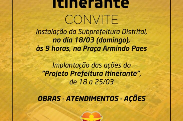 CONVITE:Inauguração da Subprefeitura Distrital e ações da Prefeitura Itinerante, no Distrito de Morrinhos
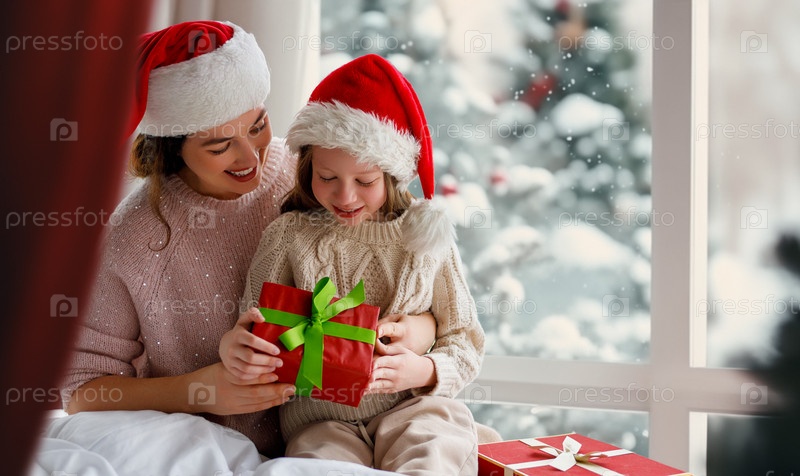 Мама и дочь обмениваются подарками
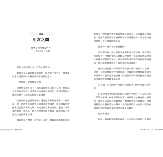 此刻我就是這樣的感覺,透過這本書與你相聚──像朋友一樣。也許幾年前你曾參與這本書的信息,就是當我初次提筆把它們寫下來之時;又或者你曾參加為期六週的「分辨神的聲音」查經班,如今我們又有機會聚首,聊聊自從上次道別之後的學習心得。
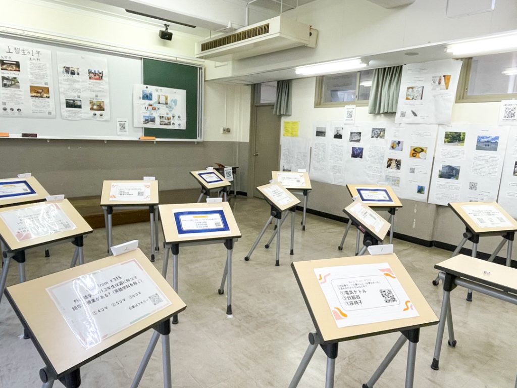 会場内に入るとまず目に留まるのは、教室二面の壁に装飾された記事展示です。
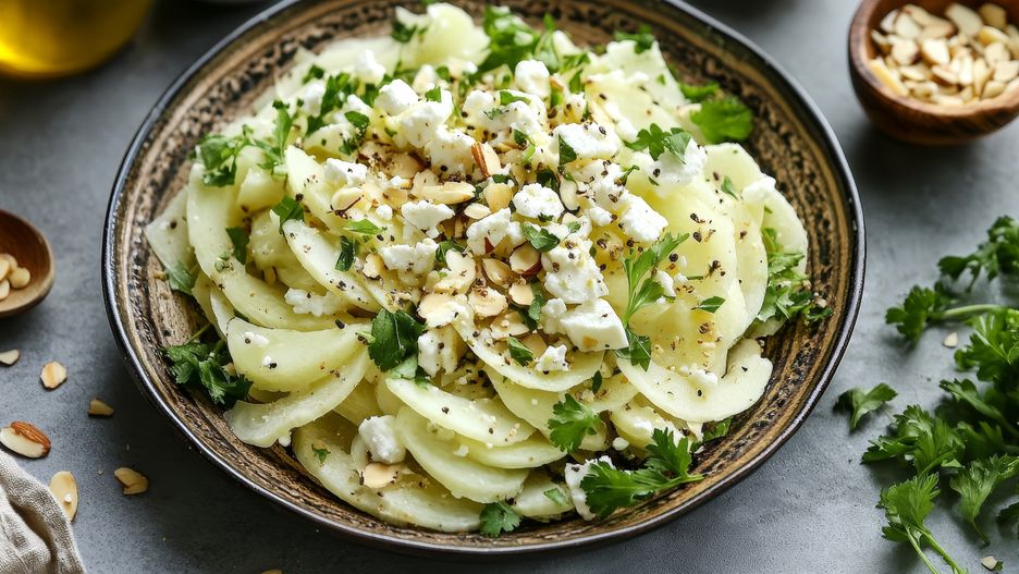 Kalarepa to warzywo pochodzące z rodziny roślin kapustowatych. Jest bogata w witaminy, minerały, błonnik i antocyjany, czyli związki o działaniu przeciwutleniającym, przeciwzapalnym i antynowotworowym. Niskokaloryczna kalarepa dostarcza jedynie 27 kcal w 100 gramach i ma niski indeks glikemiczny (IG = 20), dzięki czemu jest idealna dla osób dbających o linię. Kalarepę wystarczy obrać ze skórki i można jeść w surowej postaci. Doskonale nadaje się też do przygotowania sałatki. Nasza propozycja to sałatka z dodatkiem fety, posiekanych migdałów i natki pietruszki, a wszystko to skropione oliwą z oliwek i sokiem z cytryny. To połączenie tworzy zachwycającą sałatkę, idealną do posiłku lub jako samodzielna przekąska.
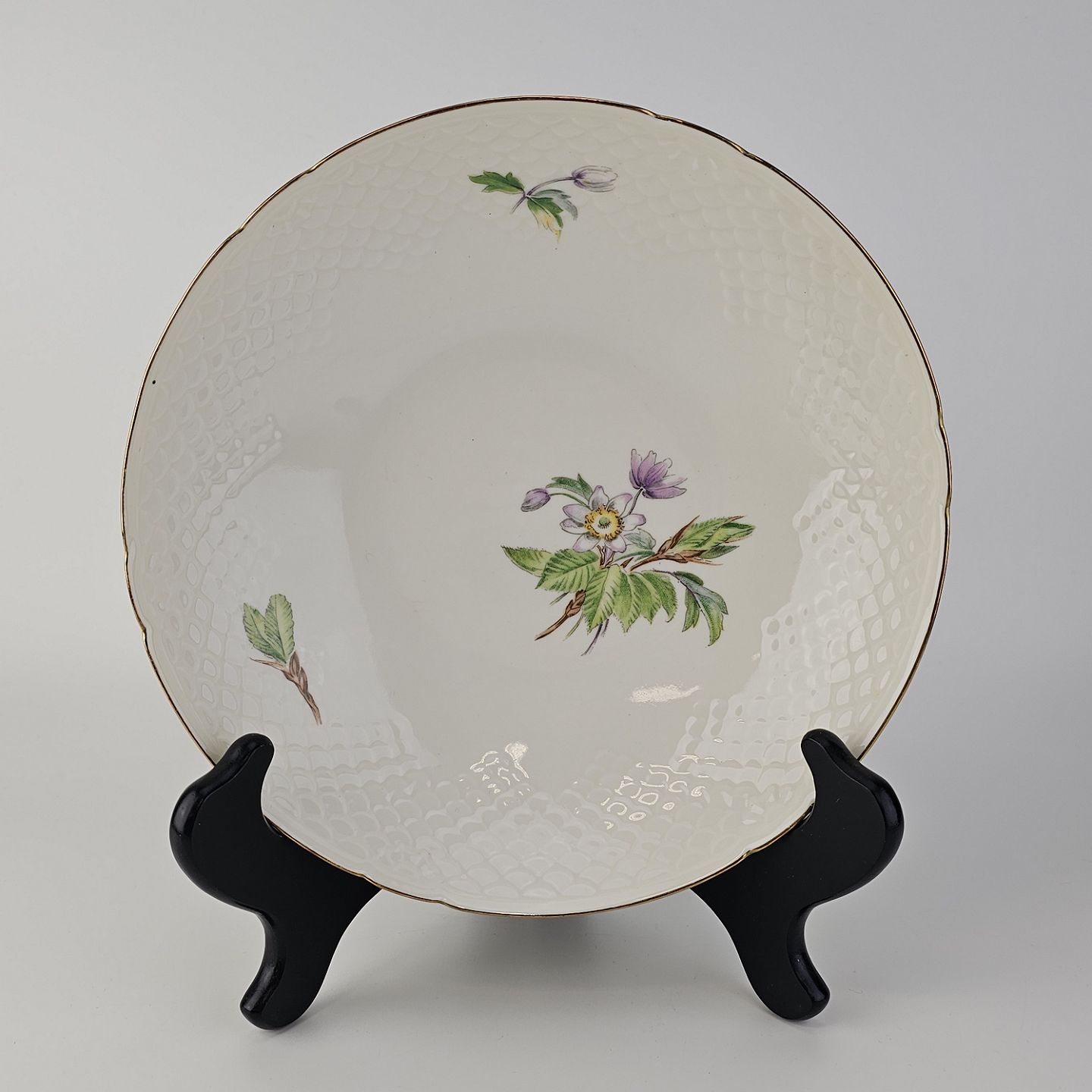 Frigga Anemone er cremefarvet porcelæn dekoreret med motiv af anemoner og bøgeløv med guldkant
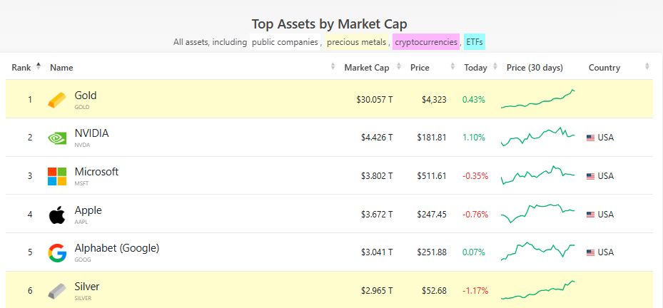 多位贵金属市场专业人士在周四注意到,根据CompaniesMarketCap的数据显示,随着金价屡创历史新高,黄金目前的总市值已突破了30万亿美元,在全球资产市值排行榜上断层领先。
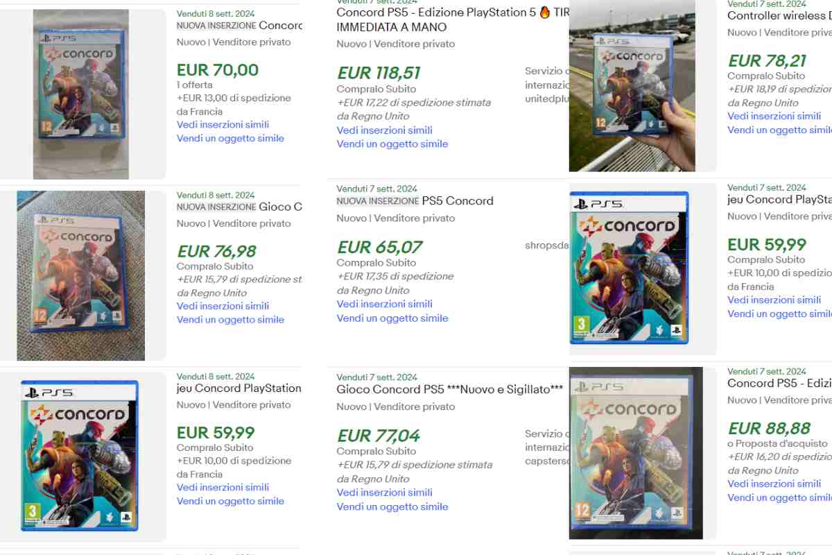 E nel giro di pochissimi giorni, il prezzo delle copie fisiche di Concord è schizzato alle stelle. Tra le copie vendute, è possibile trovare prezzi che vanno dai 60 euro fino a quasi 120 euro per una singola copia. Tantissime le copie vendute tra i 70 e gli 80 euro. Per mettere questi dati in prospettiva, vi ricordiamo che al lancio, la versione standard di Concord costava 39,99 euro mentre la versione Deluxe, che comprendeva vari bonus tra cu 16 skin e tre giorni di accesso anticipato, costava 59,99 euro.
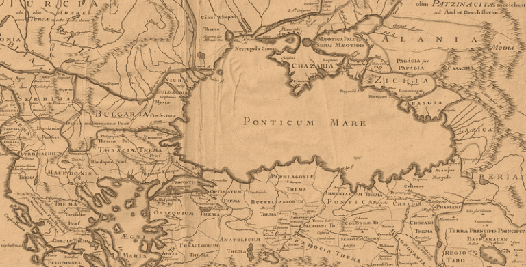 To the north of the sea lay the steppe, known there as the Pontic steppe in a nod to the Greeks. To the east lay the rugged peaks of the Caucasus, to the south the mountains and high plateaus of the Turkish peninsula or Anatolia, to the west the wooded hills of the Balkans and the Danube flood plain. Each was a world unto itself, but they met at the Black Sea, and whatever was exchanged between them could be ferried back deep into the interior via the great rivers that empty into it: not least the Don, Dnieper, Dniester and Danube. (Hold on to that recurring D, a linguistic tale to which we’ll return.)
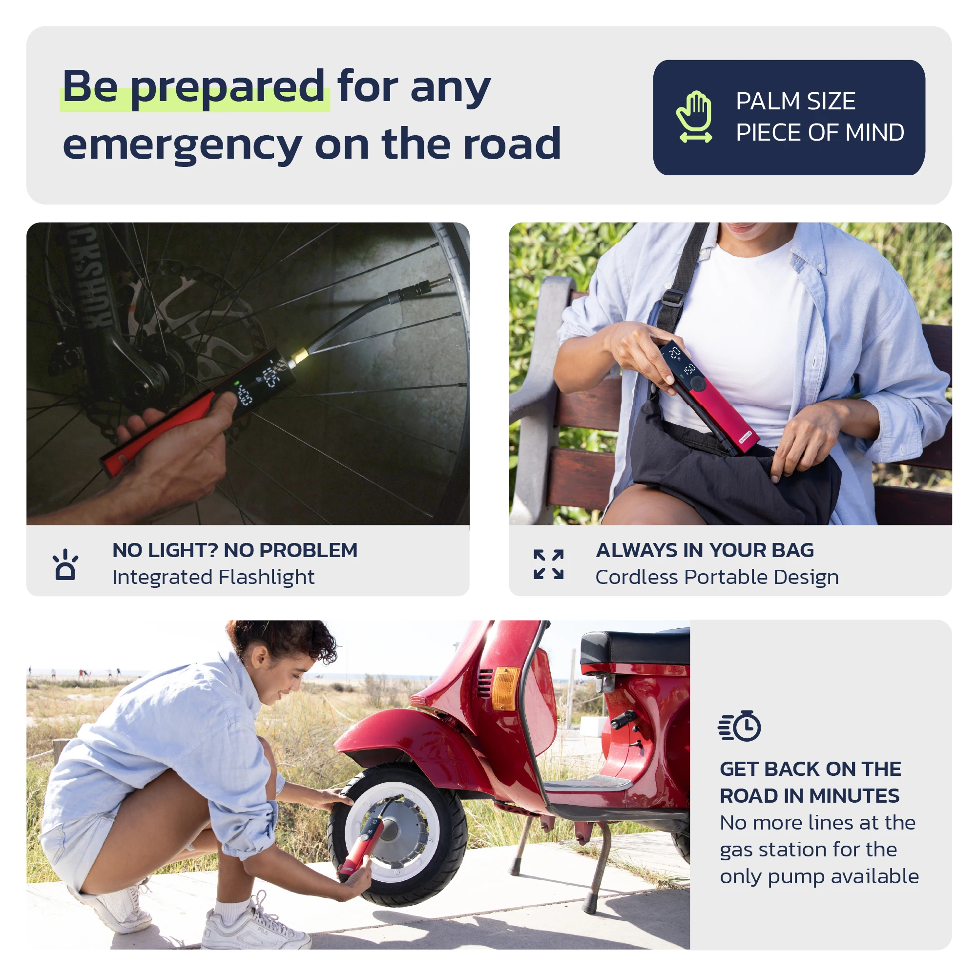 Ultimate Versatility: up to 150 PS, the BP188 tire inflator can inflate a variety of tires, including car, road bikes, mountain bikes, dirt bikes, motorcycles, scooters, and even swimming rings and basketballs

=====

--- What to work on ---
Print the material above once more, exactly, minus the pictures.

--- Result for this task ---
 CONVITE:Inauguração da Subprefeitura Distrital e ações da Prefeitura Itinerante, no Distrito de Morrinhos
 Мама и дочь обмениваются подарками
 此刻我就是這樣的感覺,透過這本書與你相聚──像朋友一樣。也許幾年前你曾參與這本書的信息,就是當我初次提筆把它們寫下來之時;又或者你曾參加為期六週的「分辨神的聲音」查經班,如今我們又有機會聚首,聊聊自從上次道別之後的學習心得。
 会場内に入るとまず目に留まるのは、教室二面の壁に装飾された記事展示です。
 Kalarepa to warzywo pochodzące z rodziny roślin kapustowatych. Jest bogata w witaminy, minerały, błonnik i antocyjany, czyli związki o działaniu przeciwutleniającym, przeciwzapalnym i antynowotworowym. Niskokaloryczna kalarepa dostarcza jedynie 27 kcal w 100 gramach i ma niski indeks glikemiczny (IG = 20), dzięki czemu jest idealna dla osób dbających o linię. Kalarepę wystarczy obrać ze skórki i można jeść w surowej postaci. Doskonale nadaje się też do przygotowania sałatki. Nasza propozycja to sałatka z dodatkiem fety, posiekanych migdałów i natki pietruszki, a wszystko to skropione oliwą z oliwek i sokiem z cytryny. To połączenie tworzy zachwycającą sałatkę, idealną do posiłku lub jako samodzielna przekąska.
 Frigga Anemone er cremefarvet porcelæn dekoreret med motiv af anemoner og bøgeløv med guldkant
 多位贵金属市场专业人士在周四注意到,根据CompaniesMarketCap的数据显示,随着金价屡创历史新高,黄金目前的总市值已突破了30万亿美元,在全球资产市值排行榜上断层领先。
 E nel giro di pochissimi giorni, il prezzo delle copie fisiche di Concord è schizzato alle stelle. Tra le copie vendute, è possibile trovare prezzi che vanno dai 60 euro fino a quasi 120 euro per una singola copia. Tantissime le copie vendute tra i 70 e gli 80 euro. Per mettere questi dati in prospettiva, vi ricordiamo che al lancio, la versione standard di Concord costava 39,99 euro mentre la versione Deluxe, che comprendeva vari bonus tra cu 16 skin e tre giorni di accesso anticipato, costava 59,99 euro.
 To the north of the sea lay the steppe, known there as the Pontic steppe in a nod to the Greeks. To the east lay the rugged peaks of the Caucasus, to the south the mountains and high plateaus of the Turkish peninsula or Anatolia, to the west the wooded hills of the Balkans and the Danube flood plain. Each was a world unto itself, but they met at the Black Sea, and whatever was exchanged between them could be ferried back deep into the interior via the great rivers that empty into it: not least the Don, Dnieper, Dniester and Danube. (Hold on to that recurring D, a linguistic tale to which we’ll return.)
 Ultimate Versatility: up to 150 PS, the BP188 tire inflator can inflate a variety of tires, including car, road bikes, mountain bikes, dirt bikes, motorcycles, scooters, and even swimming rings and basketballs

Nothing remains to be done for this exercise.